Nike faces Canadian probe over alleged use of forced Uyghur labor





The probes were announced Tuesday by Sheri Meyerhoffer, who heads an agency set up by Prime Minister Justin Trudeau’s government in 2019 to examine human rights complaints about Canadian garment, mining, and oil and gas companies working abroad. 

Meyerhoffer said her office — called the Canadian Ombudsperson for Responsible Enterprise — is acting after the companies declined to enter into mediation over the complaints. “In order to fully assess the allegations, I have decided to launch an investigation using independent fact finding,” she told a news conference.

In the case of Nike, the complaints relied largely on information compiled by the Australian Strategic Policy Institute that alleged the company has supply chain relationships with various firms in China that have links to Uyghur forced labor.

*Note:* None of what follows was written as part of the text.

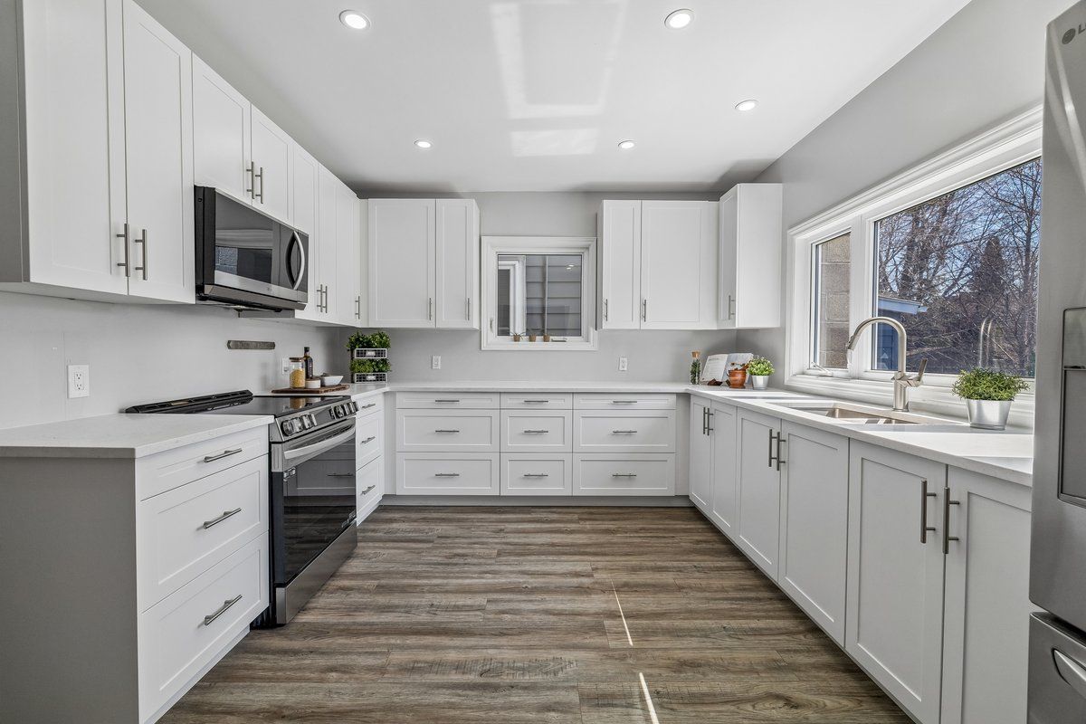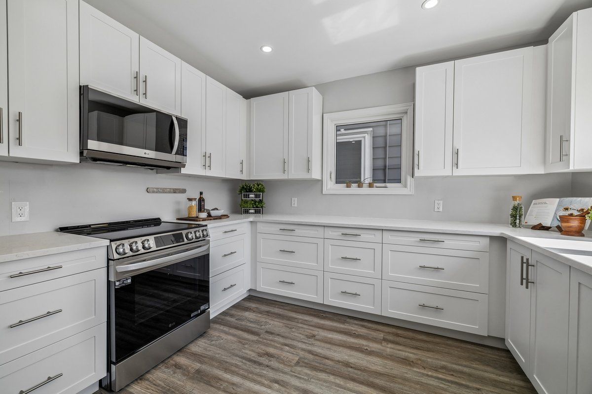 • Newly renovated kitchen with quartz countertops and modern appliances.

“Nike maintains that they no longer have ties with these companies and provided information on their due diligence practices,” Meyerhoffer’s office said in a news release. 

Nike has previously rebutted allegations it benefits from forced labor, saying that it doesn’t source products from the Xinjiang Uyghur Autonomous Region and that it’s “confirmed with our contract suppliers that they are not using textiles or spun yarn from the region.”

The other investigation will look at whether Dynasty Gold benefited from the use of Uyghur forced labor at a mine in China in which the Vancouver-based company holds a majority interest.

“Dynasty Gold’s response to the complaint is that it does not have operational control over the mine and that these allegations arose after it left the region,” Meyerhoffer’s office said.

Neither Nike nor Dynasty Gold immediately responded to requests for comment on the Canadian investigations.